Fig.2 and l.204: please use consistent terminology, e.g. "pooling" instead of "L2-barycenter" or "concatenation", since they are the same thing.
l.210-214: this discussion should give some physical reasons why preserving distribution shape can be regarded as desirable or not. Why use a multimodel ensemble in the first place if differences in distributions are regarded as a problem to fix ? There seems to be an implicit assumption that these differences stem from climatological differences between the single-model ensembles used, so that the motivation for using the GaussW2 barycenter is to implement a bias correction scheme.
l.284: replace "simulation's number" by "ensemble member index"
l.288: compare -> compares
l.294: a drawback of the CRPSf definition is that it penalizes forecast variability: an ensemble with systematically close-to-average spread will be less likely to produce events with large CRPS, so it will have a better (smaller) CRPSf. By design, it will also produce less extreme probabilities (this is quite clear in Fig. 2), so it will have a reduced capablity for detecting extreme events. The performance metrics used in this paper tend to reward average skill. It would be useful to see metrics that are more sensitive to the detection of anomalous events, such as CSI or F1, F2, or the areas under the ROC and precision-recall curves for high physical thresholds.

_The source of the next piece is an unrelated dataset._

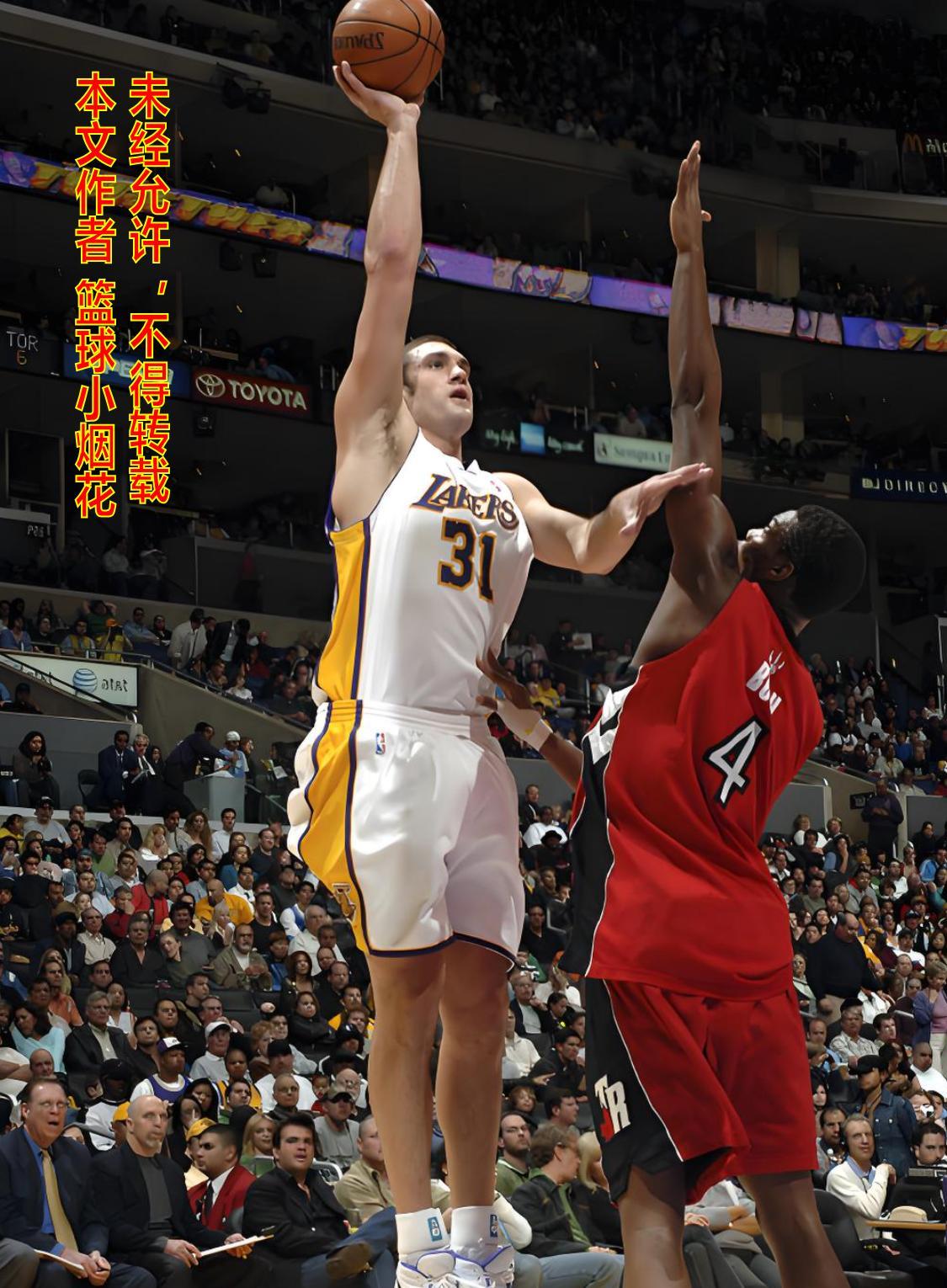 这位小老弟当年刚来湖人的时候,更是魔幻,2004年选秀的时候标榜自己是大号射手,湖人在首轮27顺位拿下之后发现,他喵的豌豆射手!投篮命中率28%!三分球命中率27%!2005年夏天湖人宣布留下豌豆射手的时候,就引得科比非常大的不满,本赛季豌豆射手锤炼一年,有了长足的进步,投篮命中率和三分球命中率都高达34%。=以
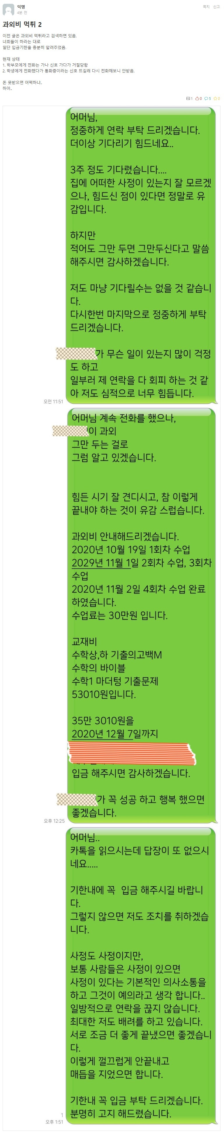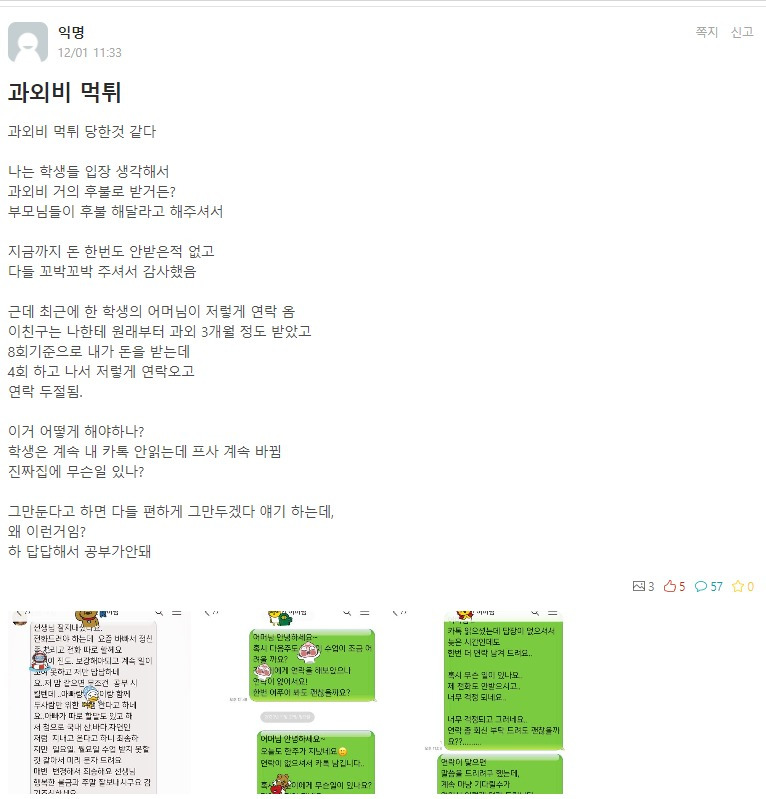 후불로 받은게 잘못이지 과외도 따지고 보면 불법에 속하는거라 저건 어찌한다해도 못받음 과외, 개인레슨 같은건 하늘이 두쪽나고 바다가 갈라진다 해도 무조건 선불로 받아야함

Table 2: the formulae are unnecessarily heavy. For instance, the double sum over i and j, factor wi etc could be avoided by simply stating that the scores are spatially averaged. This is standard practice in the weather community.
Fig 4, 5, 6: Some graphical indication of significance of the differences is needed, particularly the differences that are presented as results in the text. In maps, an effective method is to leave blank (white) the areas where SSR does not significantly differ from one.
l.367: explain -> explained
l.373: nonexistent section number 22
l.374: please provide references to studies where a similar ensemble is proven to be over-dispersed indeed.
l.376,383: nonexistent section number
l.383: "better" than what ? L2 or SMEs ?
l.386-387: cumbersome sentence. Please rephrase.
l.402-405: I do not understand this statement: where do you see the influence of the forecast initial condition in eq.7 ?
l.425: "use _of_"
l.455: add "model _systematic_" error. Some model errors are not systematic and thus cannot be claimed to be handled by the GaussW2 barycenter method. The claim can only be made for those model errors that are identically activated in all ensemble members of each SME, and that are persistent in time at any given point.
l.461: same remark as on l.402: these methods do not separate initial condition errors from model errors in a general sense, such a separation would only occur under some simplifying assumptions that need to be more explicit in the text.
Appendix B. this appendix does not seem relevant to the rest of the article. It should be deleted if it is not explicitly used in the text body.
Tables D1 to D4: these are not very readable. A graphical presentation of the useful information would improve readability. "models are significantly different" from what ? From each other, or is L2-bary different from GaussW2-bary ?